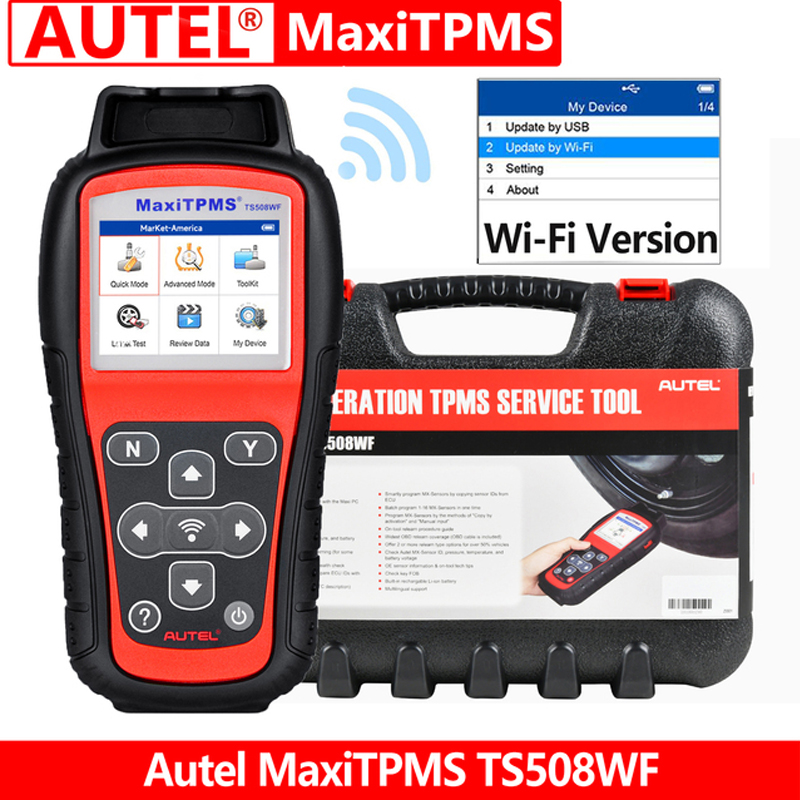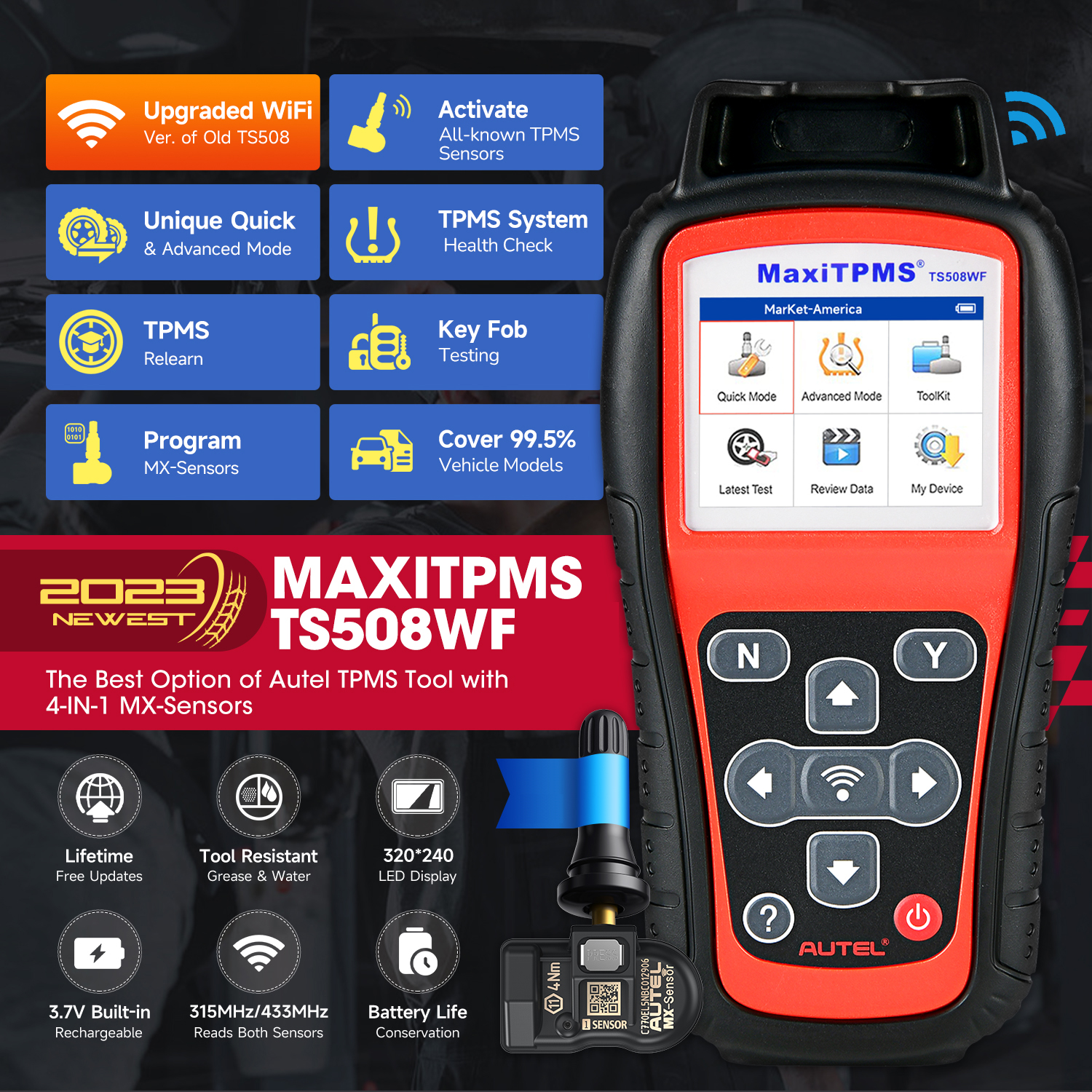 MaxiTPMS TS508WF on uuden sukupolven rengaspaineiden valvontajärjestelmän (TPMS) diagnostiikka- ja huoltotyökalu. Se aktivoi kaikki tunnetut TPMS-anturit, lukee antureiden tilan, tarkistaa järjestelmän kunnon, ohjelmoi Autel MX-sensorit ja suorittaa TPMS-uudelleenopetuksen. Valittavissa ovat Pika-tila ja Edistynyt tila, joilla työnkulku nopeutuu. Päivitykset onnistuvat kätevästi Wi‑Fi-yhteydellä.
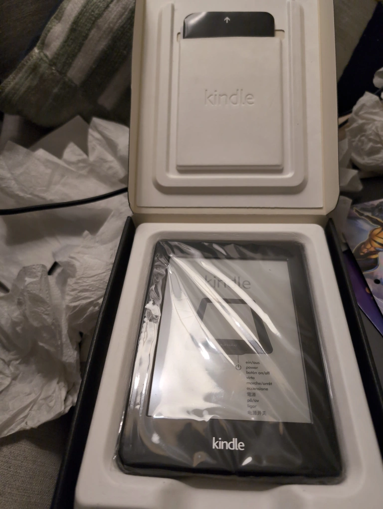 Brand new, unopened Kindle in original packaging. Perfect gift. Includes instruction manual and warranty information.
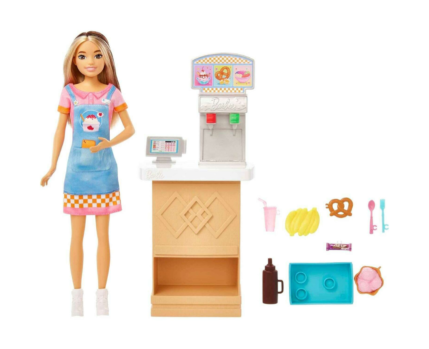 The Barbie Skipper Snack Bar Playset lets kids enjoy imaginative play as Skipper works as a snack bar attendant. Featuring a snack counter with soft-serve machine, register, color-change sundae, and eight accessories, kids can transform desserts with warm or cold water for repeated fun. Designed for ages 3+, this set includes additional pieces and a to-go tray for creative storytelling and makes a perfect gift for young Barbie fans.
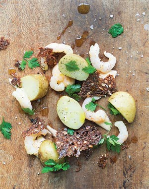 Kog kartoflerne lige nøjagtigt møre i saltet vand. Sigt vandet fra, skær dem i kvarter og mariner dem i lidt olie og æbleeddike sammen med skalotteløget. Tænd for ovnen på 130°. Pensel rugbrødet med lidt af olien og sæt skiverne på en bageplade. Tør dem til de er knasende. Lav en stor portion og brug dem på salater og lign. Skær tomaterne i små terninger. Hak løgene og sauter de to slags løg i lidt olie sammen med tomat og tomatpuré tilsæt æbleeddike, sukker og dildfrø plus måske lidt vand og kog ind til tyk konsistens ved svag varme. Smag til med salt og peber. Køl ned, vend kompotten op i mayonnaisen og juster smagen med sukker og æbleeddike. Mariner rejerne med citronsaft, meget lidt olie, salt og peber og anret dem sammen med kartofler, tomatmayonnaise og rugbrødsknas. Pynt med frisk kørvel og et drys friskkværnet peber.
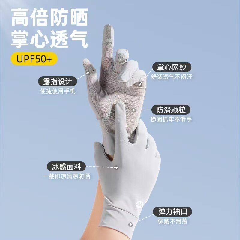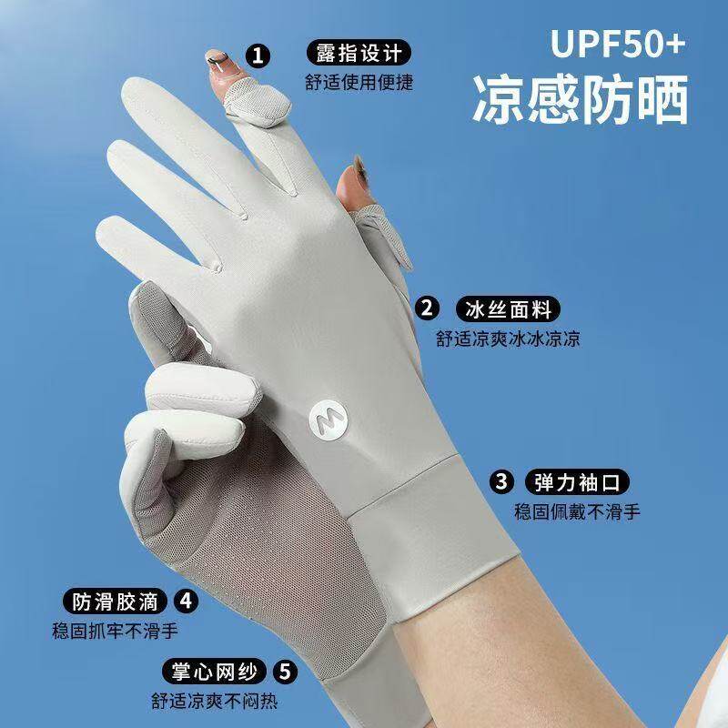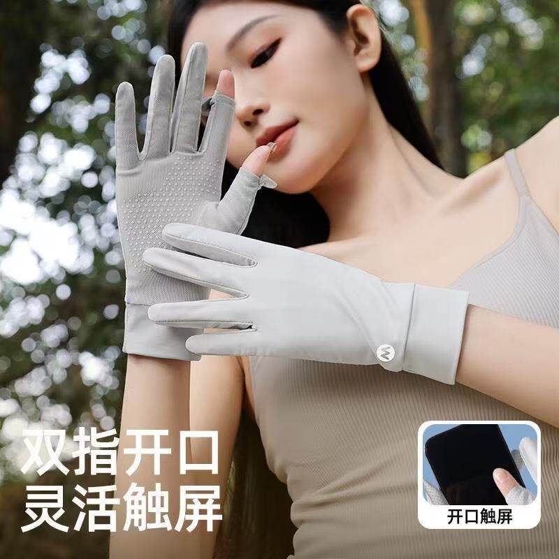 骑行冰丝防晒手套女款薄款夏季防紫外线透气防滑漏指触屏女士骑车

_Work instruction_
Write out exactly the lines that run from the top of the listing above to the line containing "Brand new, unopened", both ends included. Omit every picture.

_Problem solution_
 MaxiTPMS TS508WF on uuden sukupolven rengaspaineiden valvontajärjestelmän (TPMS) diagnostiikka- ja huoltotyökalu. Se aktivoi kaikki tunnetut TPMS-anturit, lukee antureiden tilan, tarkistaa järjestelmän kunnon, ohjelmoi Autel MX-sensorit ja suorittaa TPMS-uudelleenopetuksen. Valittavissa ovat Pika-tila ja Edistynyt tila, joilla työnkulku nopeutuu. Päivitykset onnistuvat kätevästi Wi‑Fi-yhteydellä.
 Brand new, unopened Kindle in original packaging. Perfect gift. Includes instruction manual and warranty information.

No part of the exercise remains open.